> **Work item**: Could the lines from the top of the material to the line that contains "L'évolution du nombre" be retyped exactly, both included and pictures omitted?

> **Dataset section**:
########

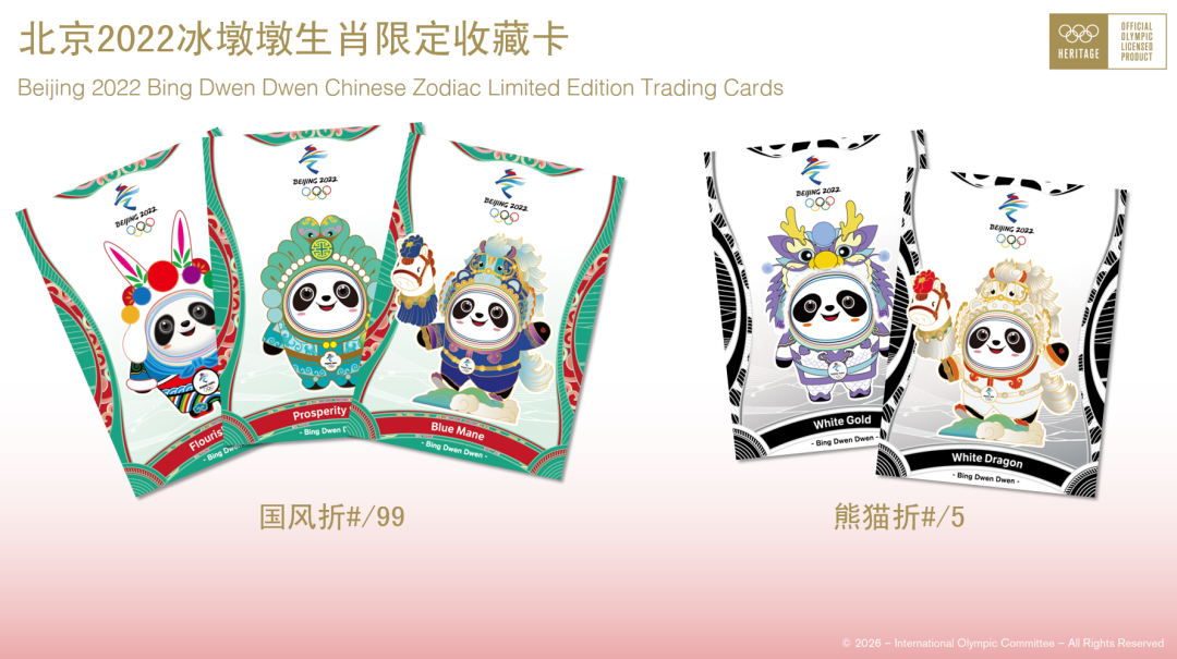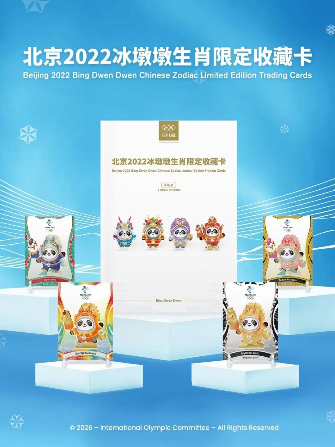 《北京2022冰墩墩生肖限定收藏卡》限定10000册,以折页形式一次性集齐兔、龙、蛇、马四大生肖墩墩,采用“纸质+PET”复合材质,融入国风等文化元素,兼具手感、耐久性与收藏价值。
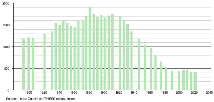 L'évolution du nombre d'habitants est connue à travers les recensements de la population effectués dans la commune depuis 1793. Pour les communes de moins de 10 000 habitants, une enquête de recensement portant sur toute la population est réalisée tous les cinq ans, les populations légales des années intermédiaires étant quant à elles estimées par interpolation ou extrapolation[39]. Pour la commune, le premier recensement exhaustif entrant dans le cadre du nouveau dispositif a été réalisé en 2005[40].
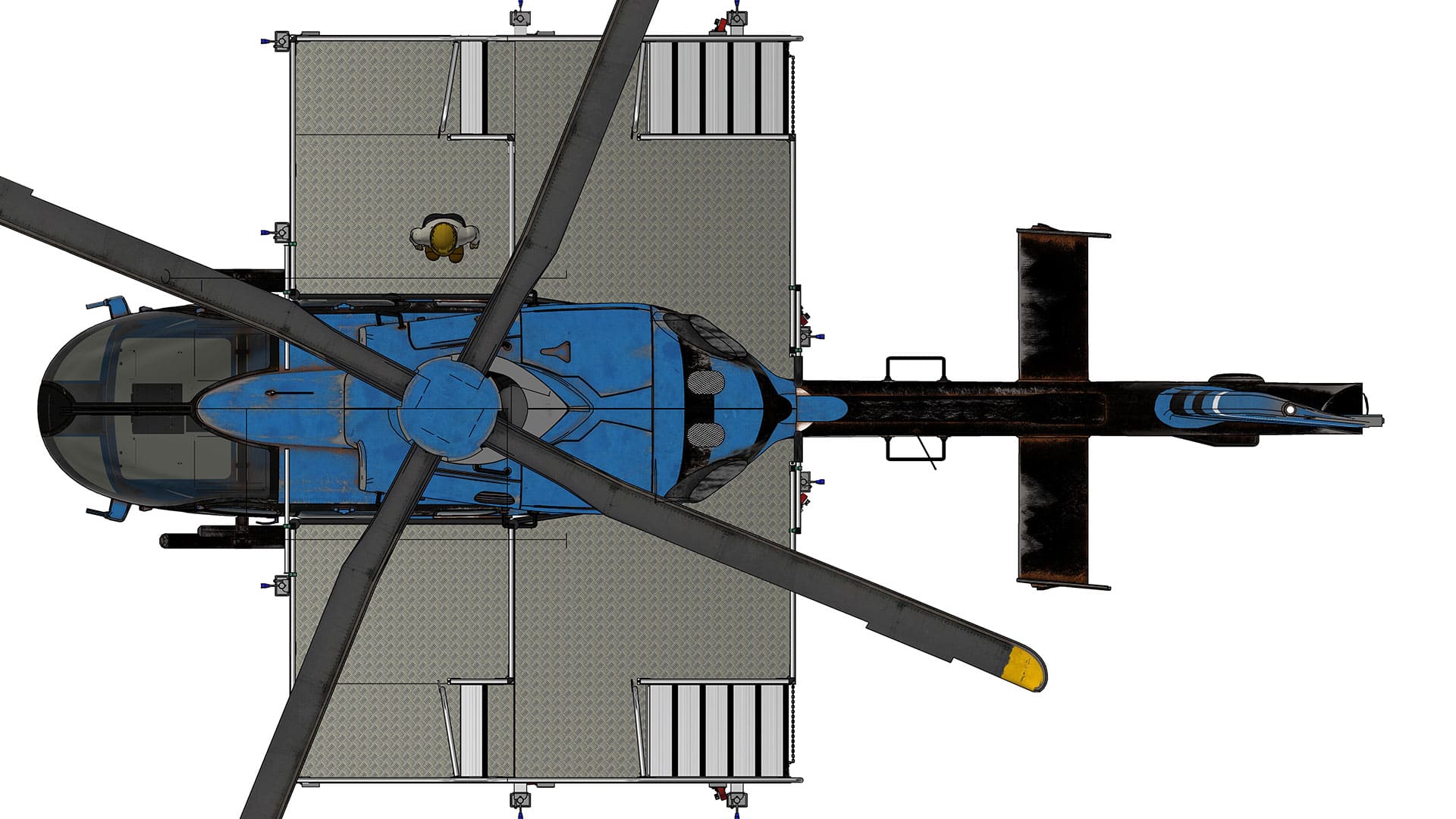 The platform’s physical design also includes a large side cantilever. This deliberate engineering feature is crucial for clearing the helicopter’s skids at ground level, allowing the platform to be positioned intimately close to the fuselage without interference, maximizing the usable work envelope. Innovative features include a protective foam lining. This feature safeguards the delicate surfaces of the Airbus H135, preventing accidental scratches or damage during docking and maintenance procedures. The platform is rated for a 500kg (1100lb) Safe Working Load (SWL), providing ample capacity for technicians, tools, and necessary spares. The H135 Side Access Docking Platform is designed to be highly versatile, available in three standard platform heights (0.95m, 1.7m, and 2.3m).
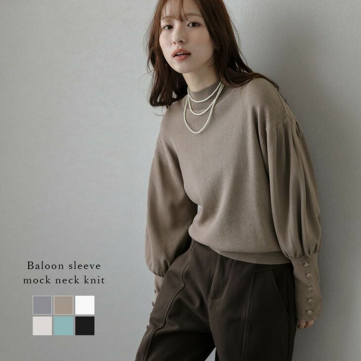 ニット バルーンスリーブ くるみボタン モックネック 長袖 【秋冬半額SALE対象】 [AMELY by La-gemme]ニット バルーンスリーブ くるみボタン モックネック 長袖 ハイゲージニット ドロップショルダー レディース おすすめ おしゃれ フリーサイズ メール便 2025春夏新作【atpaw24-641】【即納:1-5営業日】【送料無料】メ込2

########

> **Result for this exercise**:
 《北京2022冰墩墩生肖限定收藏卡》限定10000册,以折页形式一次性集齐兔、龙、蛇、马四大生肖墩墩,采用“纸质+PET”复合材质,融入国风等文化元素,兼具手感、耐久性与收藏价值。
 L'évolution du nombre d'habitants est connue à travers les recensements de la population effectués dans la commune depuis 1793. Pour les communes de moins de 10 000 habitants, une enquête de recensement portant sur toute la population est réalisée tous les cinq ans, les populations légales des années intermédiaires étant quant à elles estimées par interpolation ou extrapolation[39]. Pour la commune, le premier recensement exhaustif entrant dans le cadre du nouveau dispositif a été réalisé en 2005[40].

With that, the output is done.